We mentioned in the beginning that Pandas is a library for working with rectangular data.

What if your data is not rectangular? What does non-rectangular data look like? Very often our data might come in dictionaries. Imagine data about a "tweet". It might look like this:

```python
{
    "screenname": "wunderkid",
    "id_str": "928374987",
    "text": "Woah, pandas is so much fun #worldrocked #jawdrop #win",
    "hashtags": ["worldrocked", "jawdrop", "win"]
}
```

How would you fit this into a rectangular data format?

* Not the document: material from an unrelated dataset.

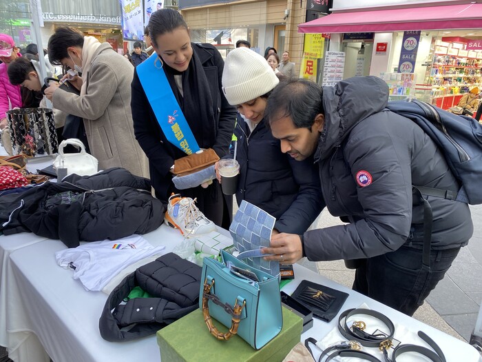 | ▲ 명동 관광객들이 진품과 위조품을 구별해 보고 있다. (사진=중구청 제공) |

Do the "hashtags" cause a problem?

In [None]:
raw_tweets = [{ "screenname": "wunderkid",
          "id_str": "928374987",
          "text": "Woah, pandas is so much fun #worldrocked #jawdrop #ml",
          "hashtags": ["worldrocked", "jawdrop", "ml"]},
          {"screenname": "pumpkin",
           "id_str": "98214039",
           "text": "I stay up all night dreaming of linear models #datascience #ml",
           "hashtags": ["datascience", "ml"]}]

tweets = pd.DataFrame(raw_tweets)

# What is the "hashtag" column made of? 
tweets

## Merge keeps the data flat

The correct way to use data such as this in pandas, data with nested lists, is to copy each tweet to multiple rows, one row for each hashtag.

We can use "merge" to do this for us automatically if we put the data into two separate dataframes, one for the hashtags and one for the rest of the tweets. This is called "normalized form" and is often how you will find data if you get it from a SQL database:

In [None]:
# We can use the "colums" keyword to select only some columns when
# we create the dataframe: 

tweets = pd.DataFrame(raw_tweets, columns = ["screenname", "id_str", "text"])
tweets

In [None]:
# Challenge:
# 
# Create a DataFrame object called "hashtags".
# It should have two columns "id" and "hashtag".
# "id" should be the id of the user who tweeted
# the hashtag, "hashtag" shold be the hashtag
# that was tweeted.



In [None]:
# Challenge:

# Try to merge the two DataFrame objects!